Creating a Tech - Enabled Ecosystem

Creating a Tech - Enabled Ecosystem

Brenna Berman, Executive Director, City Tech Collaborative

Brenna Berman, Executive Director, City Tech Collaborative

Government organizations, including cities, have a reputation for being late technology adopters. The standard image of government is a bureaucracy choosing to wait until a solution is fully vetted by other industries before advancing an implementation. However, in the realm of emerging technologies, including the Internet of Things and Artificial Intelligence, many cities are early adopters, breaking the stereotype of government as a slow participant in innovation. This trend has been the underpinning of the smart cities market for several years now and urban innovation shows no signs of slowing down. Understanding why cities are early adopters and the impact of this increasing trend gives insight into the new role that cities are playing as they drive technology innovation.

Why are cities pushing the boundaries of tech adoption now? There are three main reasons that cities are fast adopters of emerging technologies such as IoT and artificial intelligence. The first is the crop of tech savvy mayors that began entering office in the last eight years. These mayors bring an understanding of the value of technology innovation with them into city government that was earned at high levels of leadership or in the private sector. They expect, and demand, that technology solutions will help them deliver on their key initiatives. This perspective is pushing the implementation of IoT solutions to solve a myriad of city problems from flooding in Chicago, to public safety in Boston, to pediatric asthma tracking in Louisville.

The second reason is increasing urban populations are exacerbating the challenges facing cities at the same time the resources available to address those challenges are dwindling. Cities have become the main leaders in the battle against climate change, for affordable housing and for the creation of resilient infrastructure, just to name a few. With such daunting tasks ahead, technology must be an integral of any solution to ensure scale and longevity.
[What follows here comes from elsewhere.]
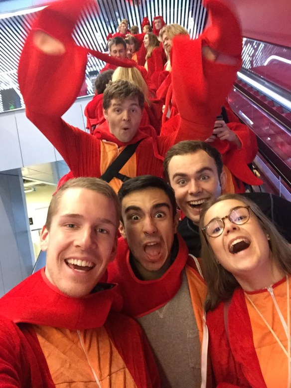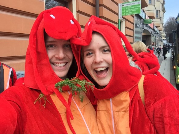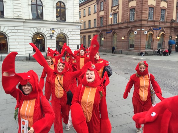 Sen klockan 12 begav vi oss ut på stan för att dansa och åka rulltrappa, besöka ekonomernas och juristernas bibliotek och busa lite grann och ta en sväng förbi fiskdisken på Saluhallen för att gråta en skvätt över våra fallna vänner (de döda kräftorna i disken, haha) 😉 Detta var en parad som uppskattades av många 🙂 90 kräftor som vandrade omkring på stan skapade uppståndelse och många som ville ta kort och filma oss 🙂 KUL grej!

The final reason cities are moving so quickly to adopt these emerging technologies is the growing level of technology leadership attracted to cities. The last several years has brought a strong uptick in the caliber of CTOs, CIOs and CDOs entering public service, attracted by the formidable challenges they will face all in the name of serving the public good. They bring to these challenges a breadth of IT management skills honed in both the public and private sectors that is complimented by a commitment to collaborative, innovative problem solving. Not only are they tackling these challenges in their own cities, but they are collaborating across cities to combine their talents for greater impact.
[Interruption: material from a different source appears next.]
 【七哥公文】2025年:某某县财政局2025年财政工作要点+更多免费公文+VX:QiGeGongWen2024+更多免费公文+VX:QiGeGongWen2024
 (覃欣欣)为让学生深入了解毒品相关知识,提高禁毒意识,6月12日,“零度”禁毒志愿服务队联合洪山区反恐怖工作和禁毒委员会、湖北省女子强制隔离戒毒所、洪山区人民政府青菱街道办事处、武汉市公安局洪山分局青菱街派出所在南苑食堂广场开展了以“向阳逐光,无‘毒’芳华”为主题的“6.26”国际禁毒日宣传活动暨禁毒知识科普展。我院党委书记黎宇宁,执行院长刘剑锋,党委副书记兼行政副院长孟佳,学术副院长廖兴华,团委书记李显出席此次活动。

Given the ability to leverage these emerging technologies, some cities are stepping out of the shoes of traditional tech consumers and into the role of co-developer. They are expecting technology companies to work as partners and engage with them deeply to understand their needs and the results they want to achieve. It is becoming clear that the most successful cities, as well as tech organizations, will be those driving collaborative innovation across a broad set of stakeholders. It is also clear that cities, their mayors and their CxOs, have taken the reigns of innovation and are not letting go any time soon.